▸ **Problem statement**
Quote the data exactly, first line to the line containing "Il Heider CFX è", with no pictures.

▸ **Given data**
·····
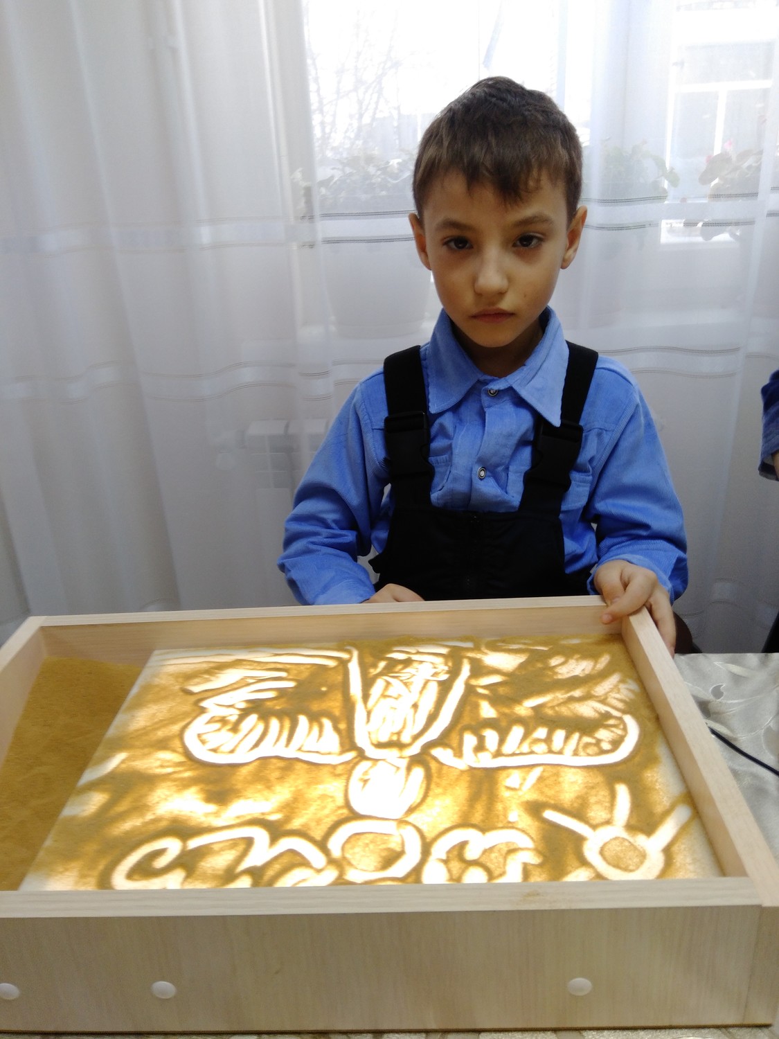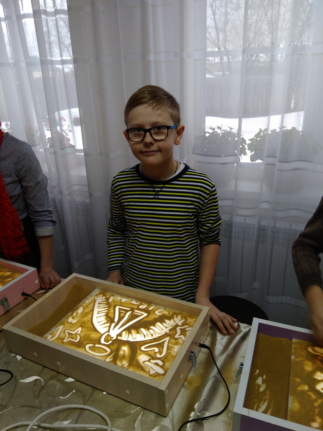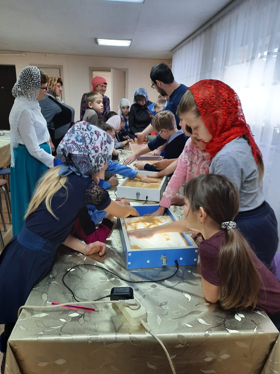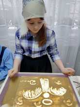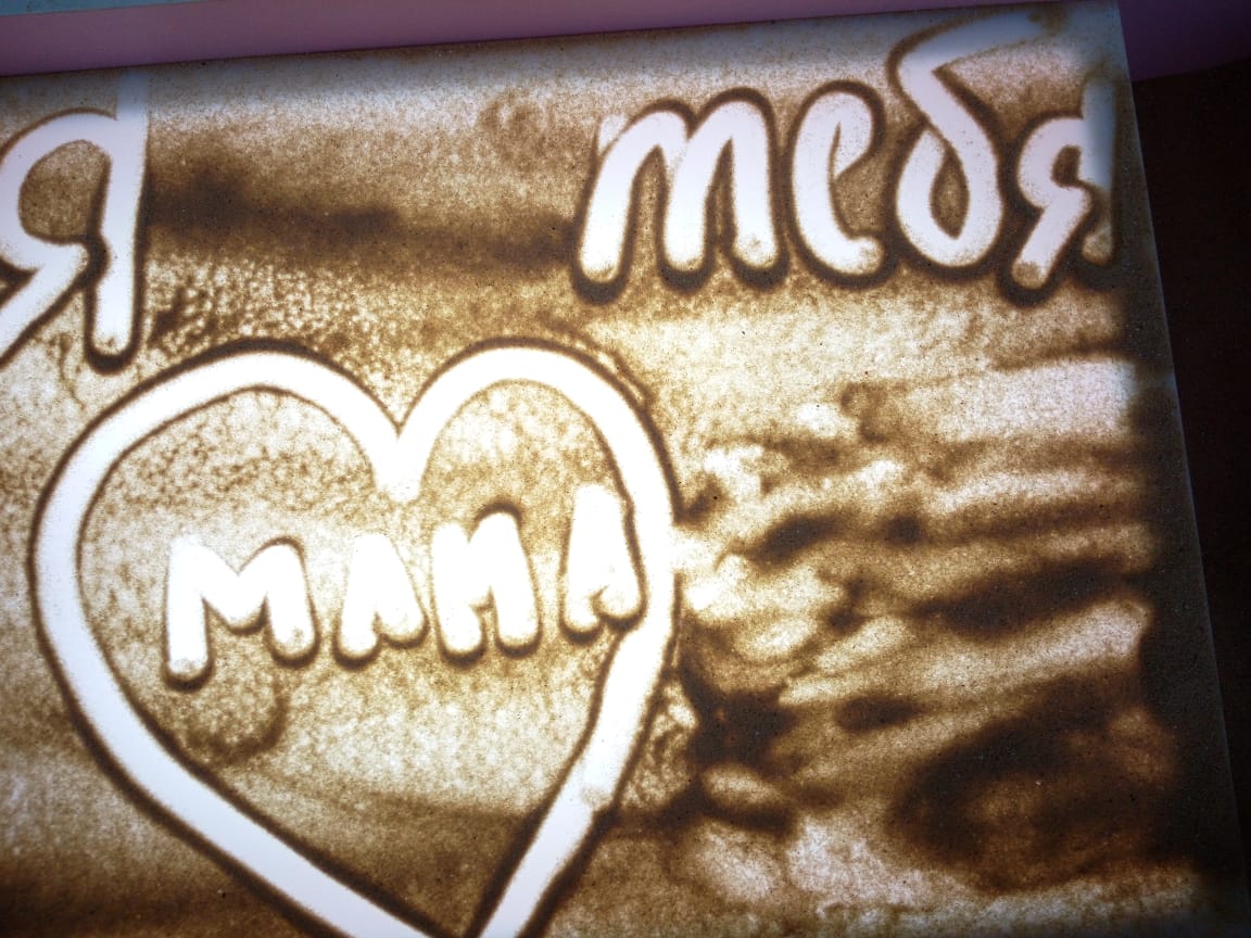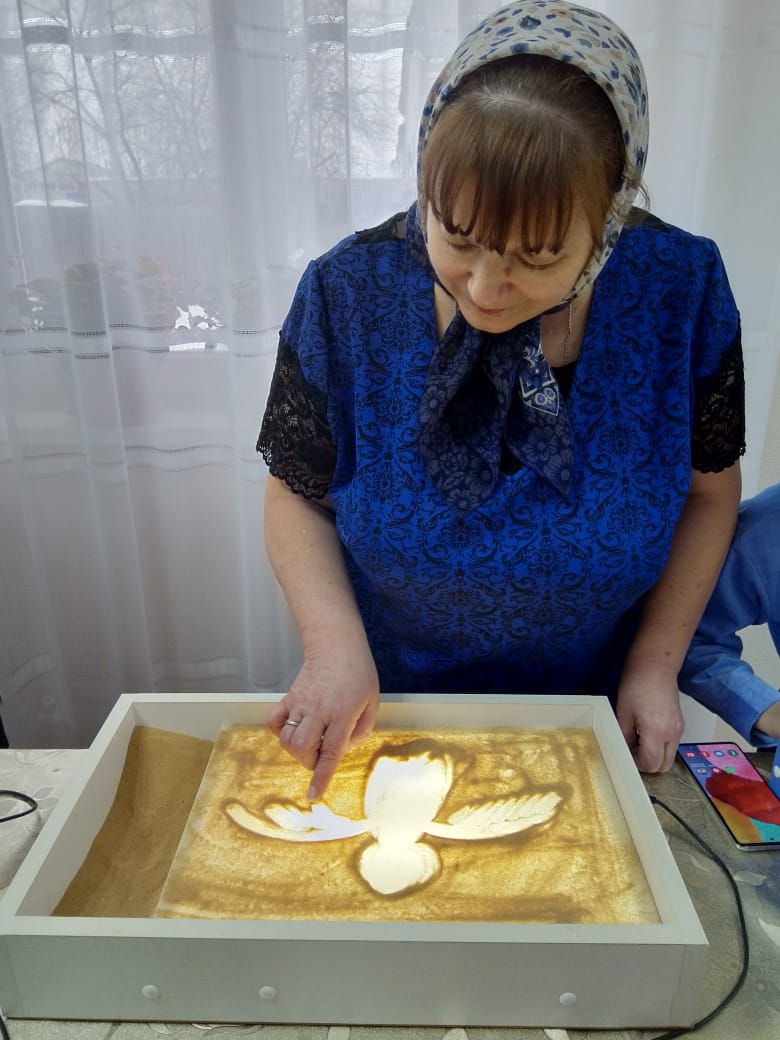 Далее детям представилась возможность самостоятельно изобразить своих «Ангелов Победы». Они рисовали разные образы с помощью пальцев рук и воображения, что благотворно влияет не только на развитие мелкой моторики, но и на общее состояние человека, успокаивает и вызывает приятные эмоции. Всем присутствующим понравилось рисовать и даже Матушка не отказалась попробовать себя в роли художника на песке.
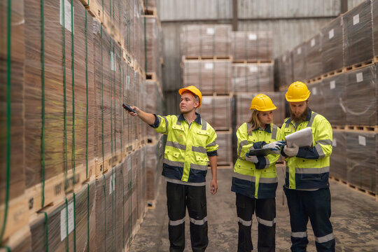 Warehouse team conducting inventory audit with handheld scanner and high-visibility vests
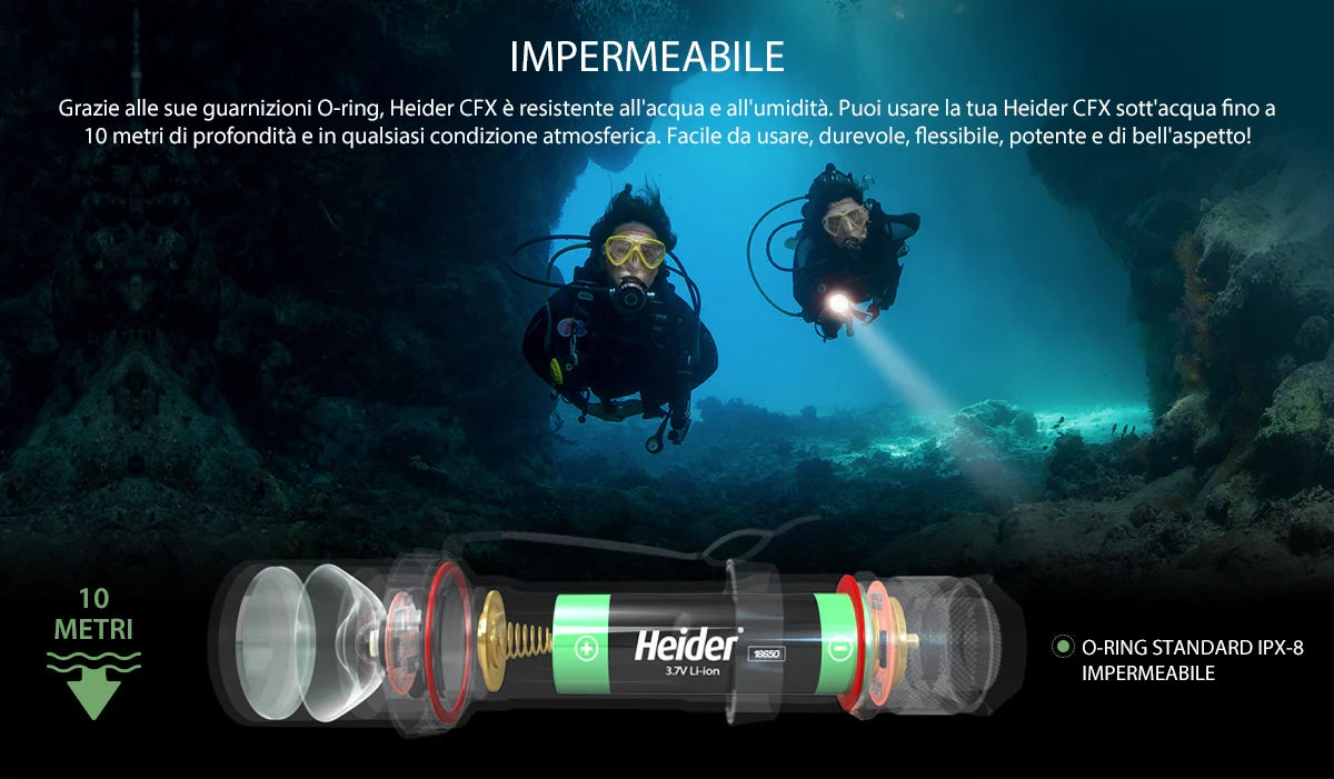 Il Heider CFX è sigillato con O-ring contro acqua e umidità. Puoi utilizzare il Heider CFX sott’acqua fino a una profondità di 10 metri e in tutte le condizioni atmosferiche.
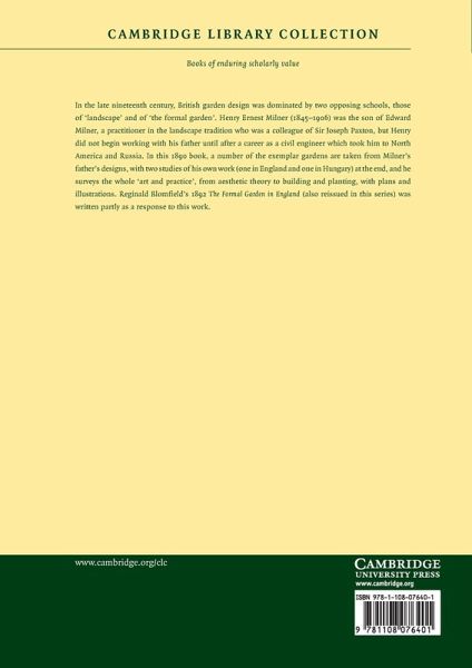In the late nineteenth century, British garden design was dominated by two opposing schools, those of 'landscape' and of 'the formal garden'. Henry Ernest Milner (1845-1906) was the son of Edward Milner, a practitioner in the landscape tradition who was a colleague of Sir Joseph Paxton, but Henry did not begin working with his father until after a career as a civil engineer which took him to North America and Russia. In this 1890 book, a number of the exemplar gardens are taken from Milner's father's designs, with two studies of his own work (one in England and one in Hungary) at the end, and he surveys the whole 'art and practice', from aesthetic theory to building and planting, with plans and illustrations. Reginald Blomfield's 1892 The Formal Garden in England (also reissued in this series) was written partly as a response to this work.
·····
▸ **Response to this task**
 Далее детям представилась возможность самостоятельно изобразить своих «Ангелов Победы». Они рисовали разные образы с помощью пальцев рук и воображения, что благотворно влияет не только на развитие мелкой моторики, но и на общее состояние человека, успокаивает и вызывает приятные эмоции. Всем присутствующим понравилось рисовать и даже Матушка не отказалась попробовать себя в роли художника на песке.
 Warehouse team conducting inventory audit with handheld scanner and high-visibility vests
 Il Heider CFX è sigillato con O-ring contro acqua e umidità. Puoi utilizzare il Heider CFX sott’acqua fino a una profondità di 10 metri e in tutte le condizioni atmosferiche.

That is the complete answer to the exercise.